He is the only Glasgow captain to have led his team into a European Cup knockout tie; was part of the last Scotland team to win a championship and will consequently forever be a Five Nations champion; is the only Millennial Scot to have played on two British & Irish Lions tours; was one of the few professionals to have returned to the club at which he started his career after his full-time playing days were over; and is the only one ex-pro to have served on the Scottish Rugby board. So how come Gordon Bulloch would rather take to the hills than head to his old stomping grounds at Scotstoun or Murrayfield?

There is no lack of goodwill towards his successors on the field or even in the boardroom in the explanation and the first clue as to why is the setting of the family home in which he and Jen are bringing up little Evie, a lovely rural retreat on the outskirts of Killearn at the foot of a hill, Dumgoyne, that he has run up and down well over 300 times in the past five years. At 41 Bulloch would simply rather remain active than revel in the performances of others or memories of glory days.

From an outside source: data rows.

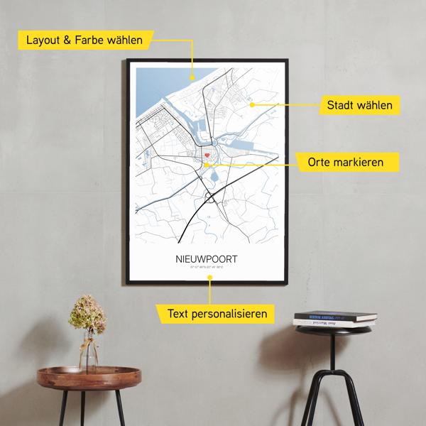 Wähle Farben und Layouts, die perfekt zu dir passen. Ob als klassische Karte in schwarz-weiß oder in modernen Farben. Bei Cartida kannst du ein Design in deinen Lieblingsfarben wählen. Erstelle eine Variante von Nieuwpoort, die perfekt zu dir und deiner Wohnung passt.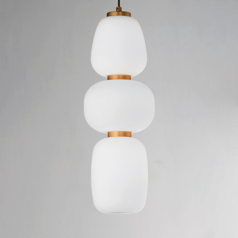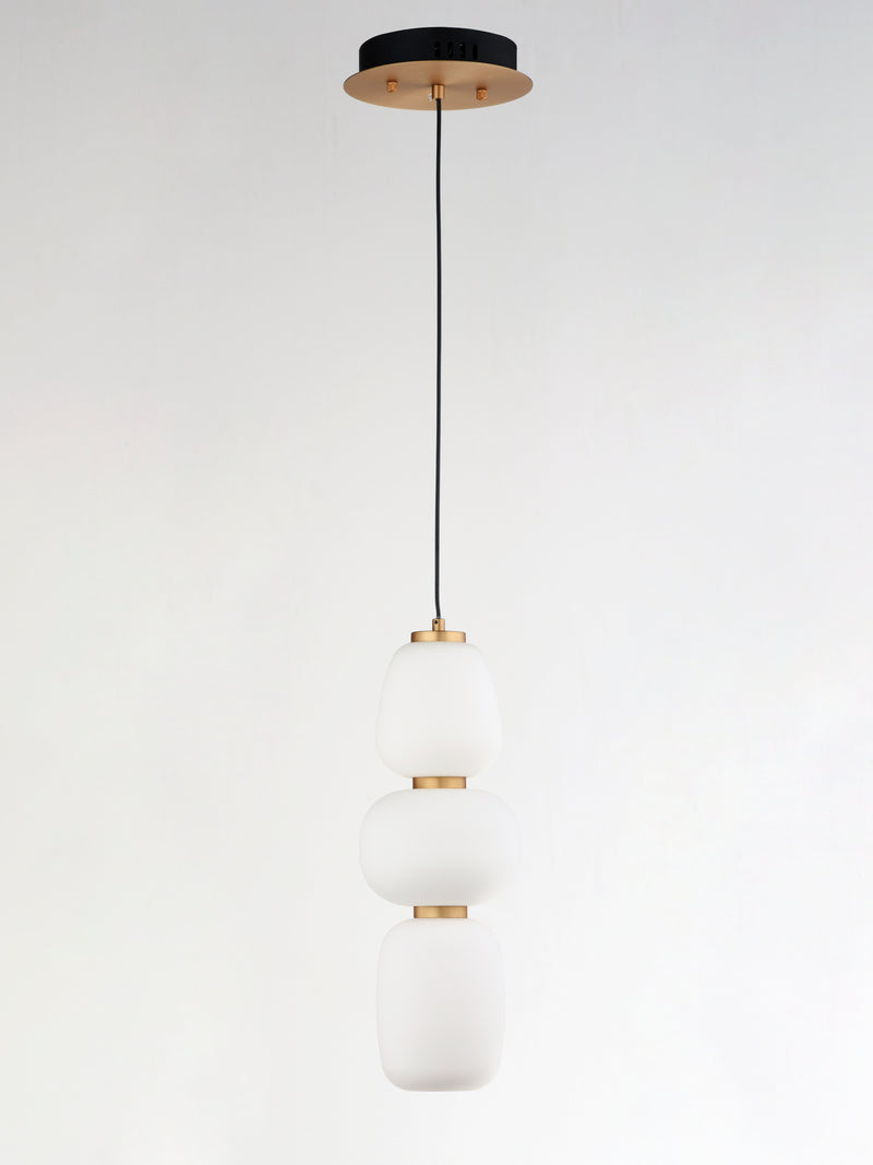Inspired by Japanese lanterns, this soft contemporary collection features Satin White glass shades of various shapes and sizes mounted on metal frames finished in a dramatic two-tone Gold with Black accents.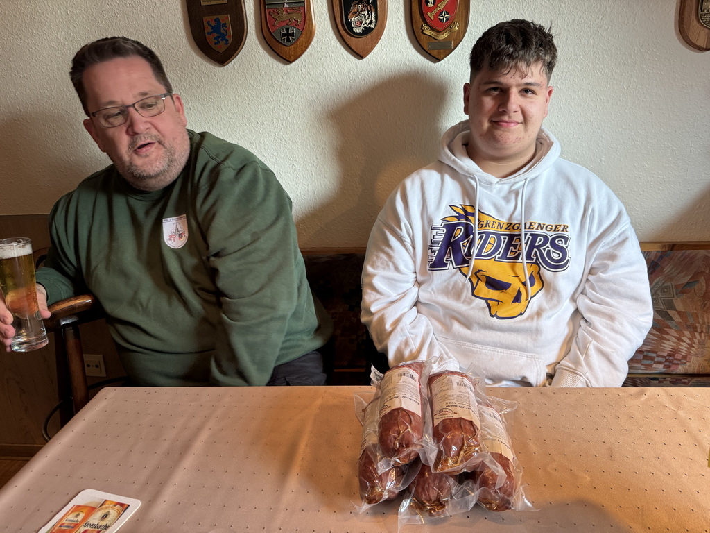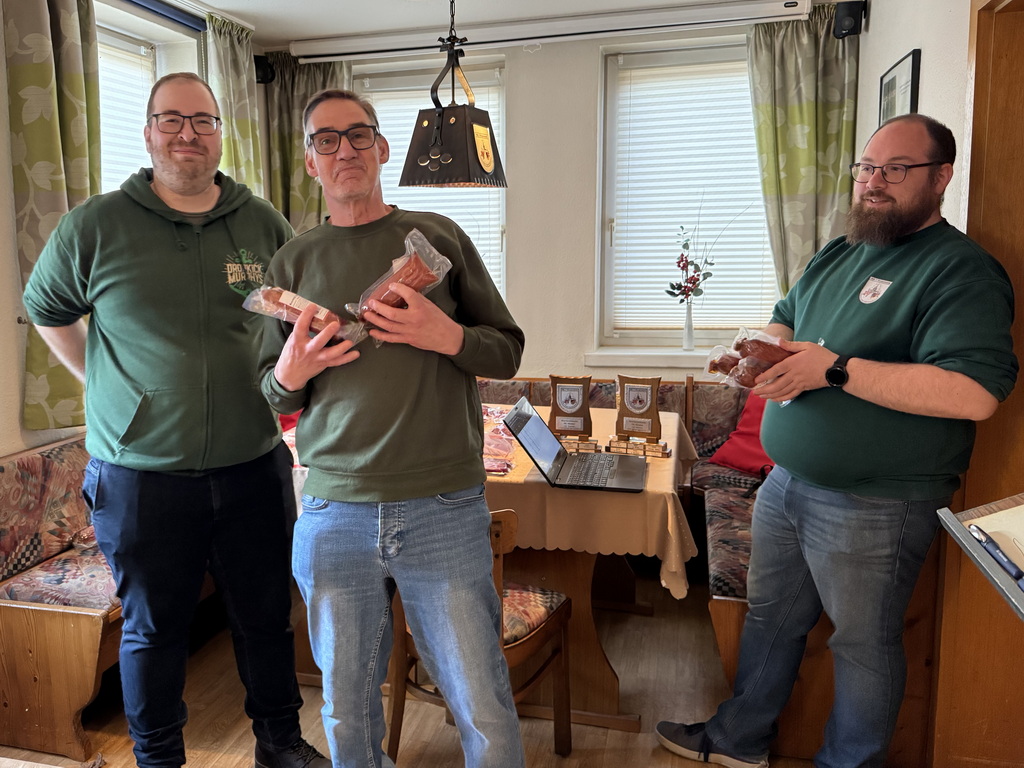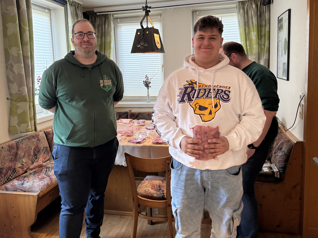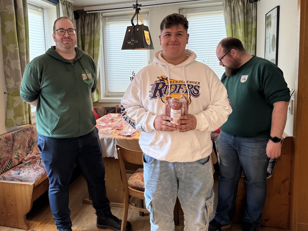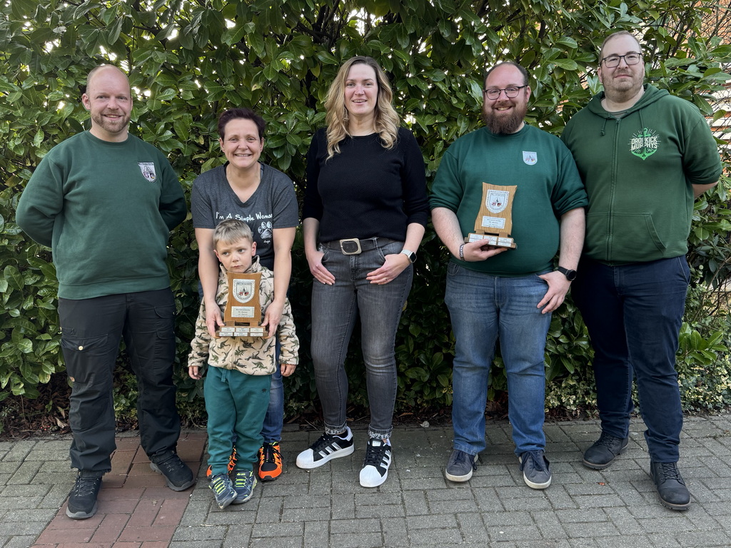| Alle Sieger mit dem Vorsitzenden, Stefan Raeker(lnks) und dem Schießwart Kevin Will(rechts) |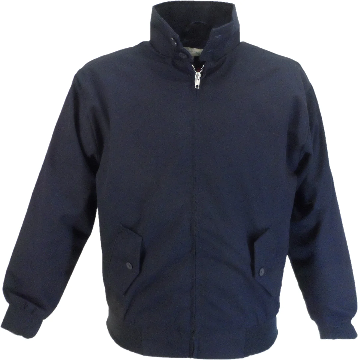 The classic Navy Harrington jacket. Lightweight cotton red tartan lining right up to the zip, double button collar, brass metal zip elasticated cuffs, flap style button pocket, and wavey seam on back shoulder exactly like the originals.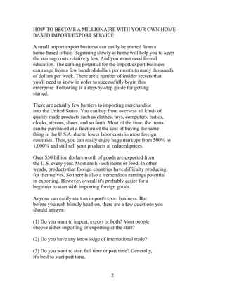 This document provides a comprehensive guide on starting a home-based import/export business, emphasizing the low entry barriers and high earning potential. It outlines essential steps for getting started, including selecting products, determining target customers, and establishing a business framework. Additionally, it highlights the importance of market knowledge, communication skills, and effective marketing strategies for success in the import/export industry.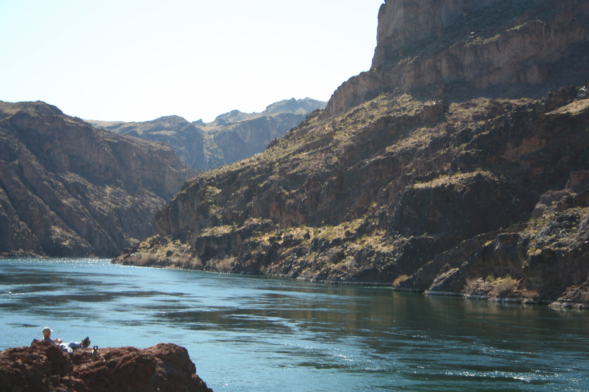 This thermal spring sits at 760 feet elevation along the Colorado River corridor, requiring a challenging hike of nearly two miles (approximately 9,900 feet) from Hoover Dam-Kingman Highway. The dramatic canyon walls frame the spring's setting where desert vegetation clings to steep slopes. The river corridor provides water and landscape contrast to surrounding aridity.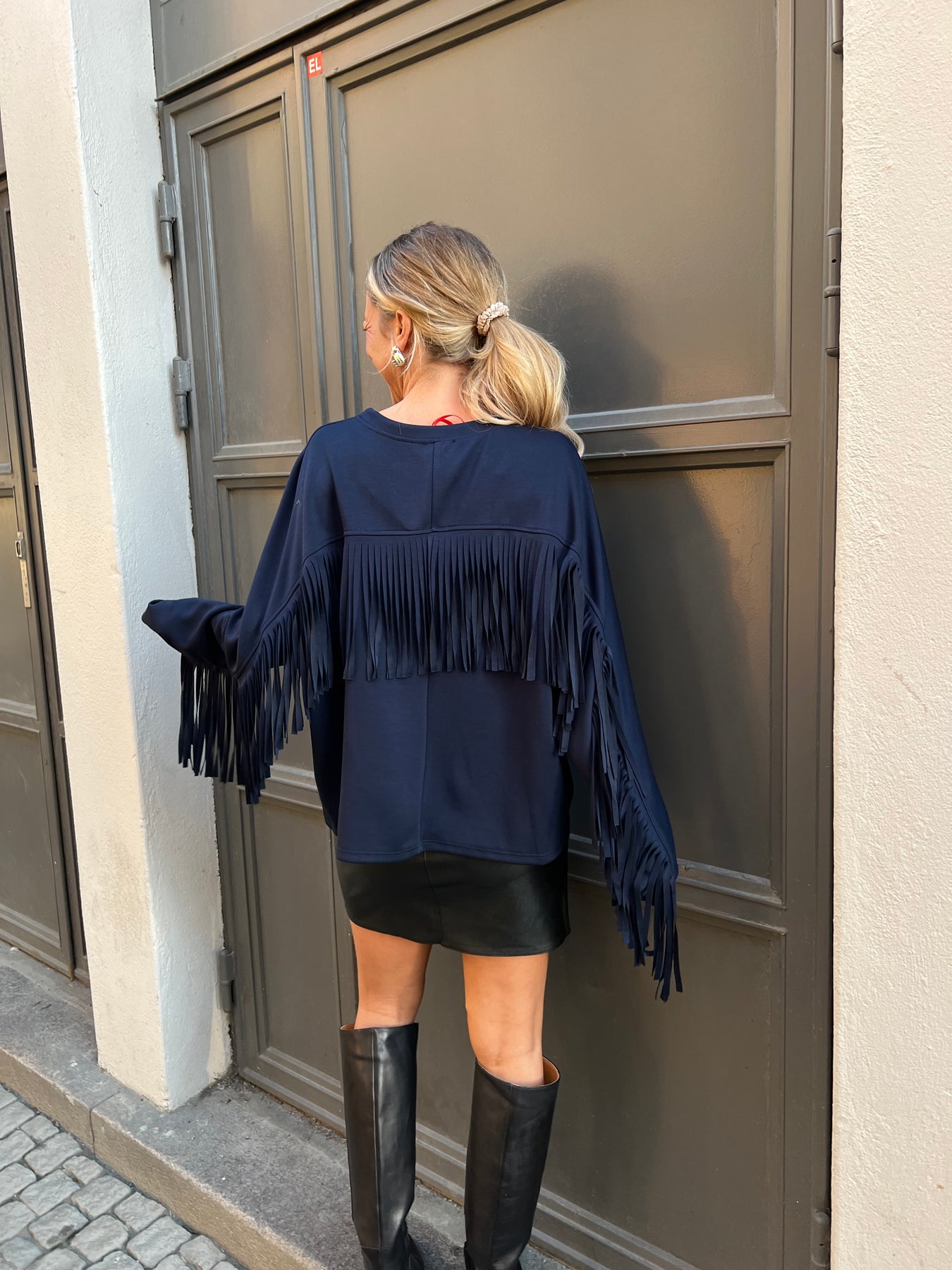 Supercool collegetröja med fransar längs ryggen och armarna, i ett otroligt mjukt och skönt material. En storlek som passar storlek 34 till 42.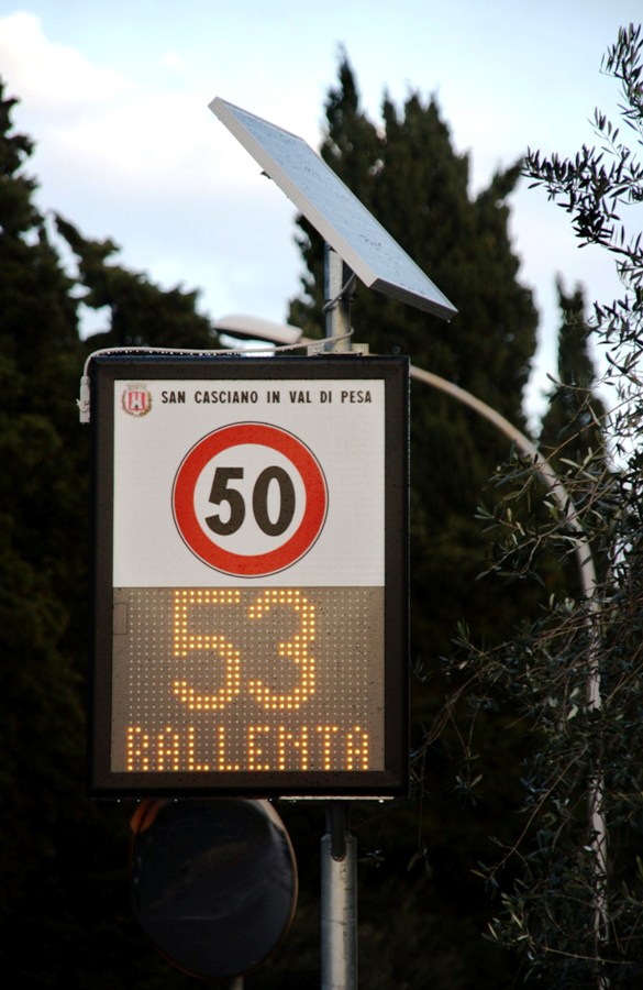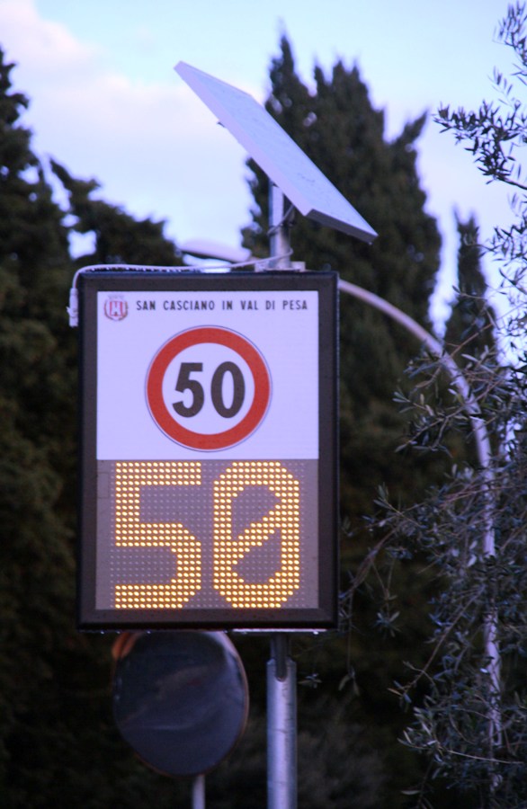 Si trovano all’ingresso del capoluogo e quasi tutte le frazioni del comune di San Casciano. Sul display è riportata la velocità in tempo reale.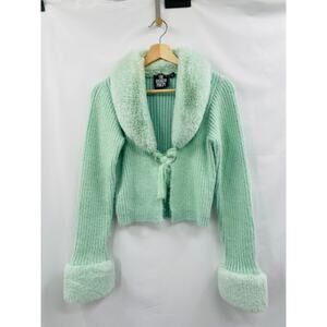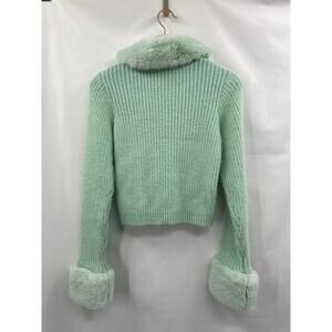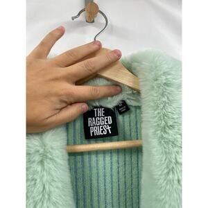 The Ragged Priest Mint Green Faux Fur Cardigan sweater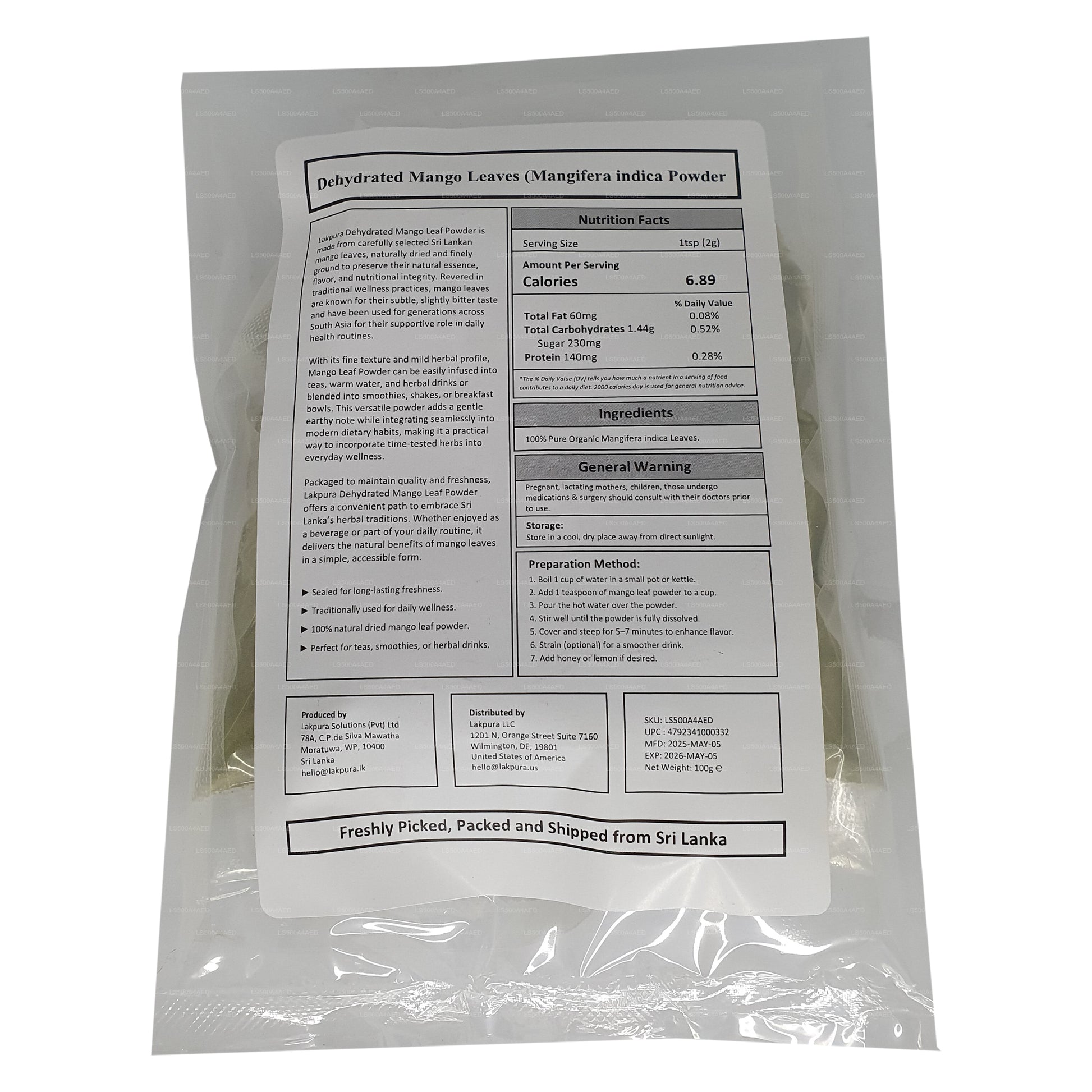 Lakpura Dehydrated Mango Leaf Powder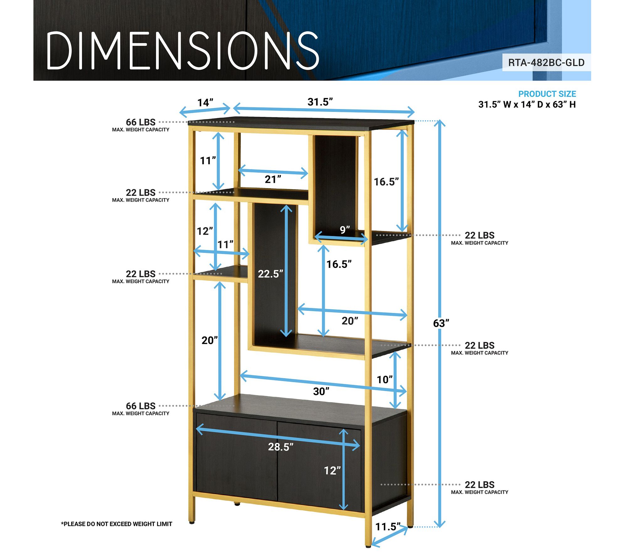 • Measures approximately 31.5"W x 13.78"D x 62.99"H; 66-lb weight capacity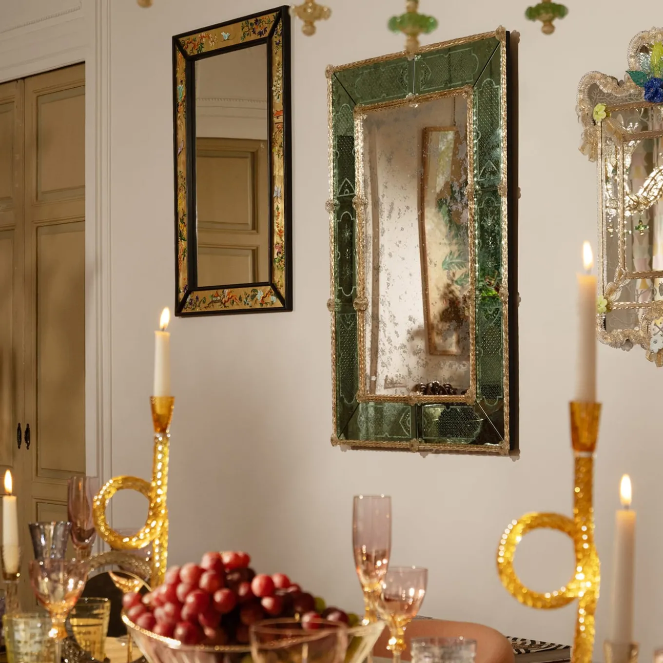 This stunning mirror is a superb decorative piece to add to any sophisticated interior. Its rigorous frame is adorned with a delicate decoration applied by hand on the mirror, rendering with masterful expertise a series of colorful flowers and running all around the rectangular perimeter. Either as an accent piece in a bedroom or powder room or as decoration to brighten up a living room or entryway this one-of-a-kind mirror will make an elegant statement.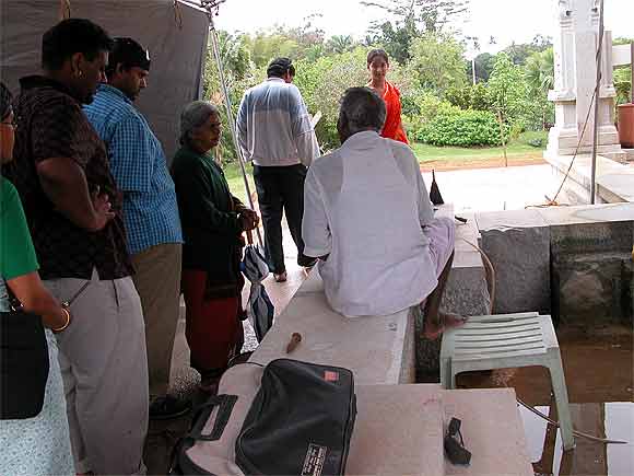 Here is Innersearcher Kulapati Mootoosamy Pareatumbee otherwise known as our dear "Moogam" a long time devotee of Gurudeva from Mauritius. This was Moogam's first trip to India and he says it was his wife, Kulamata Saranamutha, also a student of Gurudeva before they got married, who urged him to take time off from his very successful business life and go to India. He thanks her, saying it was the best time of his whole life.

“I played for the fun. I loved playing, I loved competing, but then I’ve walked away now and I don’t want anything to do with it,” said the 75 times capped hooker.

“I never stayed in the clubhouse, I’d be gone within 20 minutes, which I think some people thought wasn’t quite right, but I think they’d rather have me playing.

“It’s probably why now I’ve turned to hill running and things like that, because I still get that competitive element even though I’m never going to win a race. I’ll be middle to the back of the field, but it’s still that feeling of competing.

“A lot of the time it’s just against yourself. The nice thing is you don’t have that feeling that if I don’t turn up I’m letting folk down… if you don’t run who gives a damn.”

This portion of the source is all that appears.